Good morning, Teddybear, when i had my Hip replaced in 2015, which was not a great success. As the Hospital did not believe that my Anxiety levels, were sky high. they wanted to give me an epidural , & i freaked out in tears, so the next thing was op was all over & I was back in bed. 4 days later back, home, Carers into look after my beloved Husband , when social services read the notes on my beloved Husband as it said (Made Amanda sBed) !! They were fuming with me. So an

so again , i struggled. My other hip needs doing, but i am beyond scared of Hospitals & doctors. so i am going down the holistic route regards Amanda Harrison

@18Amanda27h oh you poor thing ,you have been through it. Hip replacement big job, and that was not a nice thing to do when you were scared. Is you hip bad now still the one you had done. Some people I know had great surgeries others not so good and still in pain. Social workers are disgraceful they pick up on things they want to.
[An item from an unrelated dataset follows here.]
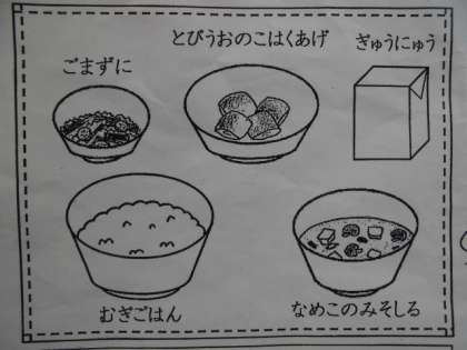 今日の給食の飛魚は,京都産の飛魚を使っています。地産地消の献立です。

Hospitals , doctor I steer clear if I can . All they have ever done is made me more ill. It was a doctor that made me first ill 35 years ago gave me the wrong medicine made me ill and then flipping retired. No doctor would listen or help , being treated appallingly by them. Hospital was hell. In 2024 I broke 6 bones ,had pneumonia and infections because I spent two days on the floor till someone found me.hospital long story. Consultant ignored me for 3.5 months. Lots of other things. All gone to PALS for investigation.then I’ll send it PHSO. Then come out to social services after all gone through in hospital come out to them. So going through all the above.

Is the hip you have done any better. And is the other hip bad. Are you managing ok .
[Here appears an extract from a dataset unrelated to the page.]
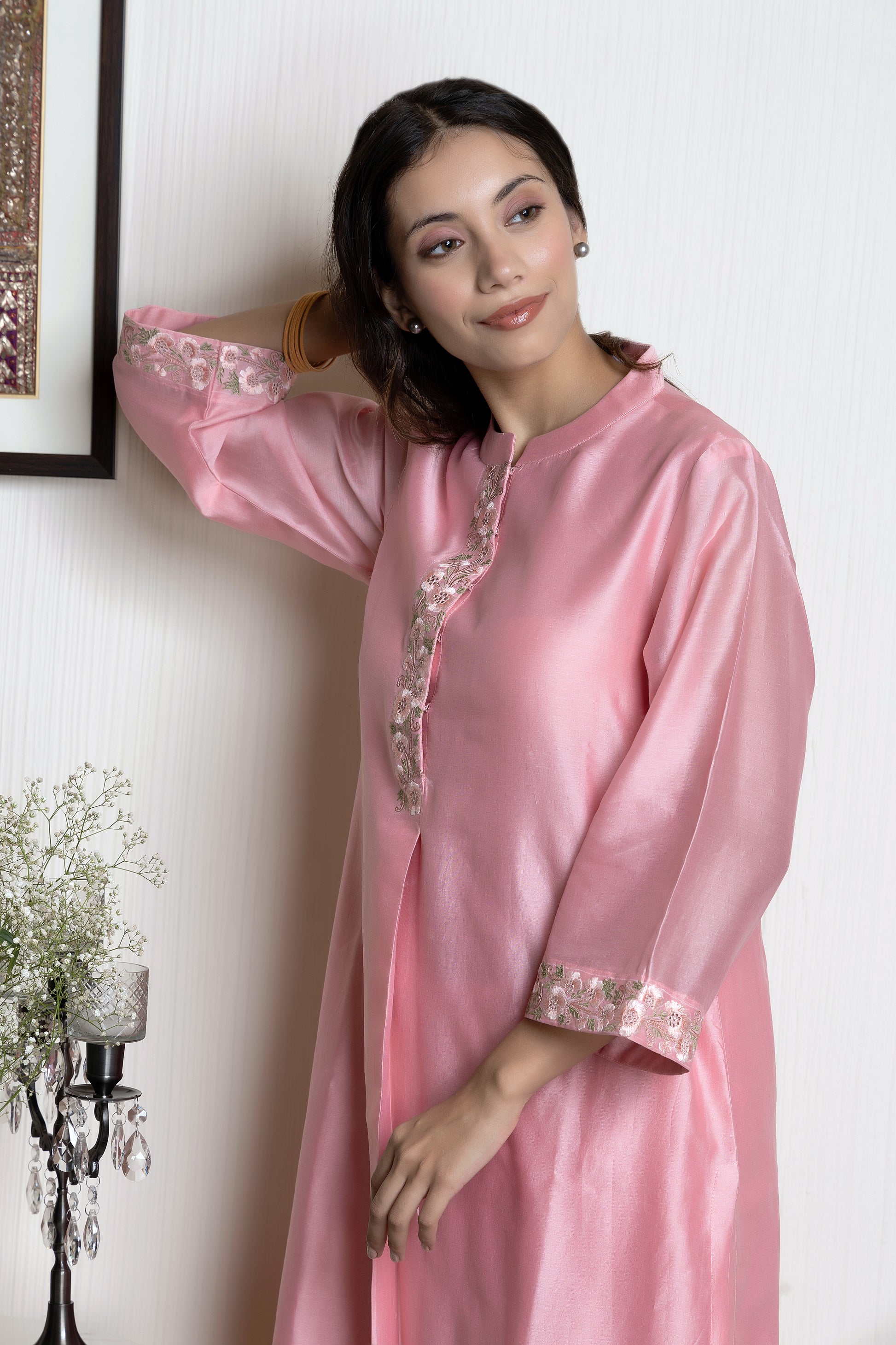 Product Name : Pink chanderi collared embroidered kurta paired with Chanderi pants

So I know how you feel about doctors and hospitals and now we can add social workers to the list. I told the social workers last year that they were not allowed in my house, email yes. Visit no. My house is my sanctuary I don’t want them here. When I was in so much pain the nurse practioner came she was nice but did not know what to do.as none pain meds work. She was nice so if I ever need anyone I’ll ring and ask for her. I don’t find doctors approachable there attitude.
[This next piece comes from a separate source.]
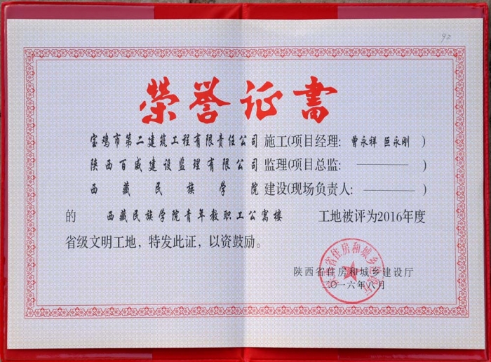 2016年省級(jí)文明工地(西藏民族學(xué)院證書(shū))

I don’t know if this will help you. I know they helped my dad. Sadly he is no longer with us .he passed away in 2024 and my mum in 2014. They were my world , my best friends.my dad needed a new hip but he did not have one because he was quite old but he was in a lot of pain. The doctor who he went to see at the hospital said to him ,I can try this he said I can give you an injection to see if that will help. And I’m sure he it did because the pain was better than it was. But he said the only problem is I can only give you these for four years. I think he just had one a year. Well he had them for four years and I know he had them after that.because he had asked the doctor. And whatever they must do he said I’ll have to check your levels and he did and he said your ok so I can give you another. I don’t know if they cured the pain completely. But he did not screw his face in pain anymore lol. Or wince and dad had high pain tolerance we all do thank goodness.so he must have been in so much pain to be like that.

Might be worth just enquiring and looking up. To see what they are.

Is the holistic approach working. I hope so. I hope your not in to much pain. Take care.

Hugs. This is why I don’t use care companies. I hope you can find good care. If you use the Internet it will make it much easier.

What do you suggest instead? Maybe tell us a bit about your caring role?